Keywords: Female stress urinary incontinence, laser treatment, vaginal CO2laser

How to cite this article:
Jasim SM, Khalil Al-Rawi RY. Efficacy and safety of vaginal CO2Laser treatment in female stress urinary incontinence. Med J Babylon 2018;15:251-7

How to cite this URL:
Jasim SM, Khalil Al-Rawi RY. Efficacy and safety of vaginal CO2Laser treatment in female stress urinary incontinence. Med J Babylon [serial online] 2018 [cited 2023 May 29];15:251-7. Available from: https://www.medjbabylon.org/text.asp?2018/15/3/251/242062

  Introduction Top

Urinary incontinence (UI) is defined by the International Continence Society as “the complaint of involuntary leakage of urine.”[1] There are four main types of incontinence: stress, urge, overflow, and functional incontinence.[2] Stress UI (SUI) is the most prevalent type in women and is defined as involuntary loss of urine due to sphincter failure during physical activity, coughing, or sneezing, which all cause an increase in abdominal pressure.[3] It has an observed prevalence of between 4% and 35%.[4]

The peak incidence of SUI occurs between 45 and 49 years of age.[5] Risk factors cited for the development of SUI included: advanced age; obesity; vaginal deliveries, in which, damage may occur to local musculature and innervation as the fetus passes; traumatic deliveries involving forceps and/or episiotomies; multiparity and pregnancy at an advanced age; estrogen deficiency, conditions associated with increased intraabdominal pressure; smoking; diabetes; collagen diseases; neuropathies; and history of hysterectomy.[6]

The etiology of SUI is multifactorial. SUI may be caused by inadequate support of the pelvic organs and anterior vaginal wall suspension and/or a possible change in the intrinsic urethral closure mechanism itself,[7],[8] in addition to that, histological studies observed a reduction of collagen in the urethral wall in case of loss of urethral support and/or sphincter dysfunction.[9] UI reduces the quality of life, including sexual health.[10] Many women with incontinence report loss of urine during vaginal intercourse, which can cause embarrassment and relationship problems.[11]

Treatment options for SUI range from conservative to surgical. Conservative options include pelvic floor muscle training (PFMT), behavioral modification, continence-support pessaries, and urethral inserts.[12] PFMT alone can improve symptoms of stress incontinence by 56%–75% but appears to be less effective in the long term and is dependent on compliance.[13] Surgical treatment options include anti-incontinence procedures, such as retropubic urethropexies, autologous fascial slings, urethral bulking agents, and synthetic midurethral slings.[14] While mid-urethral sling procedures are highly effective, they are associated with adverse events and complications such as bleeding, bladder perforation, urethral injury, infection, and groin pain.[15]

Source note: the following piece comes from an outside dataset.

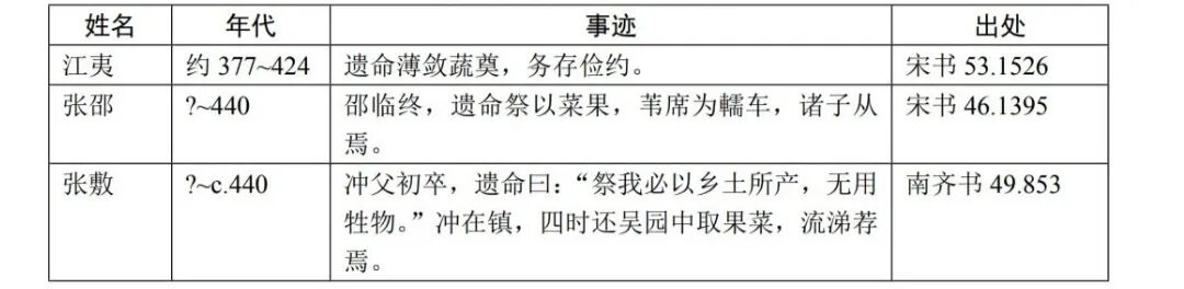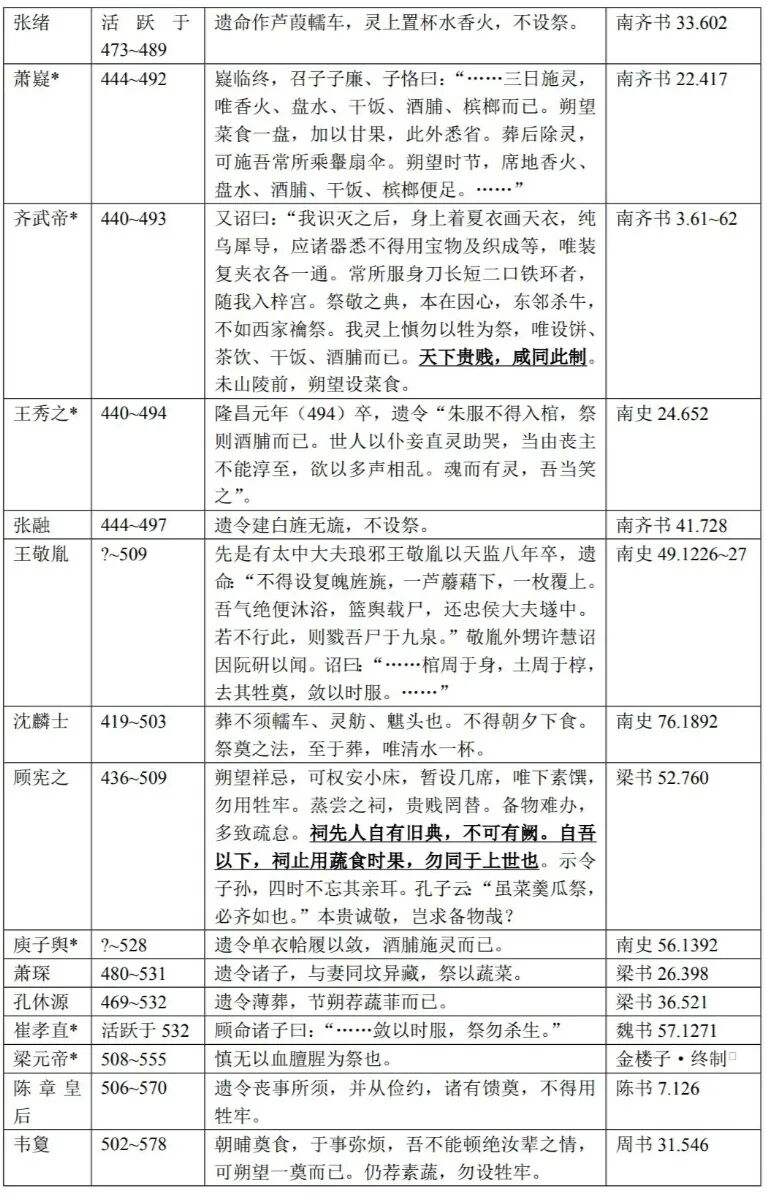 吉川忠夫系统地研读过唐前终制类作品,指出从汉代开始,士人中间流行薄葬的风俗。起初的考虑是自愧不能完成国家之职任,因而死后拒绝接受封赠。魏晋之际,则加入了人死是复归本真的道家观念。在薄葬观念的影响下,祭祀之物日趋简素。但如果以“牺牲—肉脯—蔬菜”作为标尺的话,祭祀素食化的关键转变大概发生在宋、齐两朝。
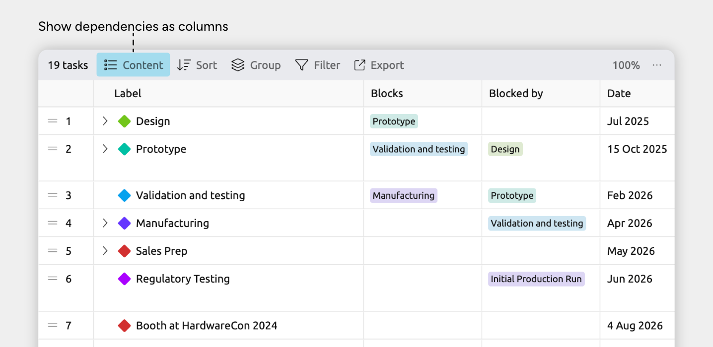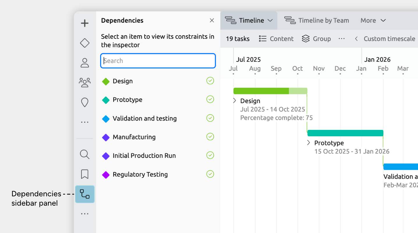 The dependencies sidebar panel shows a single list of all dependencies and constraints in your timeline. It’s useful for reviewing everything in one place and quickly finding any violations.

It is well known that using laser energy to achieve heat pulsing (i.e., temporarily increasing the temperature) of collagen can improve collagen structure and initiate neocollagenesis. As a result of the temperature increase, intermolecular cross-links that stabilize collagen triple-helix structure are broken, which leads to the shrinkage of collagen fibrils and improvement in tissue firmness.[16]

Collagen is an important component of the pelvic floor supportive structures, and it makes up more than 80% of protein content of the endopelvic fascia. Childbirth trauma can lead to destruction of collagen fibers in the pelvic floor, while aging slows down the synthesis of new collagen, both resulting in decreasing collagen content.[17] It was shown that pubocervical fasciae of incontinent women have a low collagen content [18] and also that SUI is more frequent in women with reduced collagen content in their anterior vaginal walls.[19]

Laser treatment to achieve heat pulsing of the endopelvic fascia and pelvic floor tissue could represent an effective nonsurgical method for treating female UI and other disorders resulting from diminished pelvic floor support.

The aim of this study was to assess the efficacy and safety of vaginal fractional CO2 laser treatment using SmartXide 2 with V 2 LR configuration laser system for mild-to-severe stages of female SUI.

  Materials and Methods Top

Study population

In this prospective, single-center, nonrandomized, pilot study, conducted in the period from September 2017 to March 2018, we included 60 women with a mean age of 47.6 ± 8 years suffering from SUI, with or without mild prolapse, who met the inclusion criteria.

The inclusion criteria for recruitment to the study were history of vaginal delivery, SUI, normal cell cytology, negative urine culture, no injuries and bleeding in the vaginal canal, introitus, and vestibule. The exclusion criteria were severe prolapse and damage of the rectovaginal fascia, patients with mixed or urge incontinence, age ≤18 and >70 years, pregnancy, body mass index (BMI) >30, intake of photosensitive drugs, injury or/and active infection in the treatment area, and undiagnosed vaginal bleeding, postvoid residual urine volume >150 ml.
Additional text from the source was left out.